Monitoring and operation

We monitor Druid continuously for reliable service and best performance. Druid is robust and resilient to node failures. Most nodes failures are transparent and unnoticeable to users. Even if a role that is a single point of failure (like Coordinator, Overlord, or even ZooKeeper) fails, Druid cluster is still able to provide query service to users. However, to honor our SLA with users, any service outage should be caught in time or even before failure happens.

Like other clusters, we monitor every machine in the Druid cluster by collecting machine statistics and raising an alert if any instance reaches its capacity or goes into bad state. To monitor overall cluster availability, we ingest one piece of canary data into Druid every 30 minutes, and check if the query result from each Broker node matches the latest ingested data every 5 minutes. Any degradation in service, including query, ingestion, or downstream HDFS instability, can be detected within the SLA.

Druid has been running at Airbnb for years and it is one of the systems with the lowest maintenance cost. Druid’s multi-role design makes operations easy and reliable. Cluster administrators can adjust cluster configuration and add/remove nodes based on the monitoring metrics. As data grows in our Druid cluster, we can continue adding historical node capacity to cache and serve the larger amount of data easily. If the real-time ingestion workload shows an uptick, we can easily add middle manager nodes accordingly. Similarly, if more capacity is needed to handle queries, we can increase the broker node count. Thanks to Druid’s decoupled architecture, we were able to perform a large operation that migrated all data in deep storage from HDFS to S3 with a newly rebuilt cluster, with only minutes downtime.

Challenges and future improvements

While Druid has served us well in our data platform architecture, there are new challenges as our usage of Druid grows within the company.

One of the issues we deal with is the growth in the number of segment files that are produced every day that need to be loaded into the cluster. Segment files are the basic storage unit of Druid data, that contain the pre-aggregated data ready for serving. At Airbnb, we are encountering a few scenarios where a large number of our data sources sometime need to be recomputed entirely, resulting in a large number of segment files that need to be loaded at once onto the cluster. Currently, ingested segments are loaded by coordinators sequentially in a single thread, centrally. As more and more segments are produced, the coordinator is unable to keep up and we see increasing delay between the time an ingestion job completes and the time the data becomes available for querying (after being loaded by the coordinator). Sometimes the delay can be hours long.

The usual solution is to attempt to increase the target segment size and thus reduce segment count. However, in our usage, the input volume of data to produce a larger segment (by a Hadoop worker running ingestion task) is so high that the Hadoop job would run for too long crunching that data, and many times would fail due to various reasons.
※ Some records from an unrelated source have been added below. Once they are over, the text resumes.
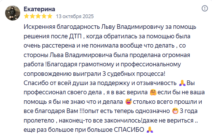 «Наша специализация - юридическая помощь в сфере дорожного движения. И лучшее подтверждение этому - наша успешная практика
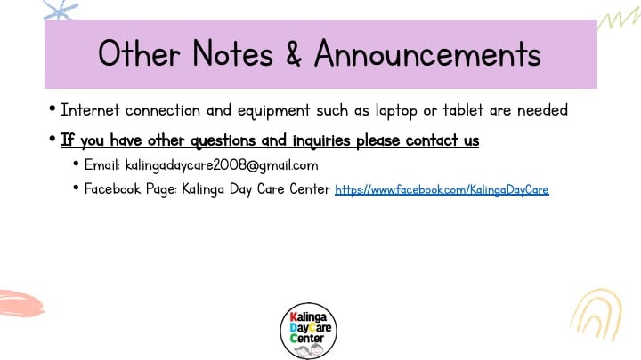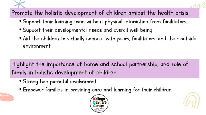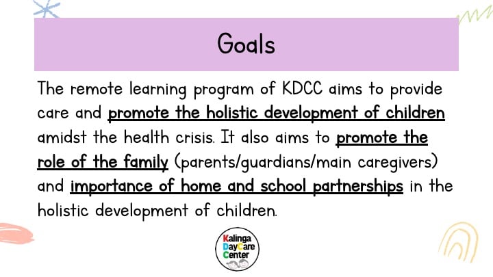 The Kalinga Day Care Center (KDCC) will continue its services to the community by having online sessions. There may be no physical interactions but KDCC aims to provide psychosocial care through our virtual interactions, and carefully planned activities.
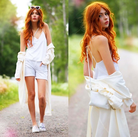| Set đồ phối theo white on white khá tinh tế với sự hòa hợp của hai sắc độ trắng khác nhau và đôi giày slip on ánh kim nổi bật. |
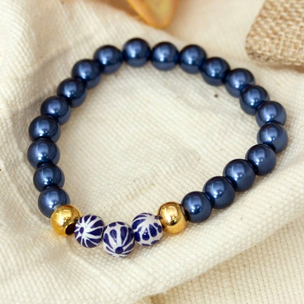 Blue Cultured Pearl and Talavera Ceramic Beaded Bracelet 'Pearly Talavera' Item ID: 2671639052

We are currently exploring various solutions, including compacting segments right after ingestion and before they are handed off to the coordinator, and different configurations to increase the segment size without jeopardizing the ingestion job stability when possible.

Conclusion

Druid is a big data analytics engine designed for scalability, maintainability, and performance. Its well factored architecture allows easy management and scaling of Druid deployment, and its optimized storage format enables low latency analytics queries. We have successfully deployed Druid at Airbnb for our use cases and see continued growth in its footprint as our user base and use cases grow.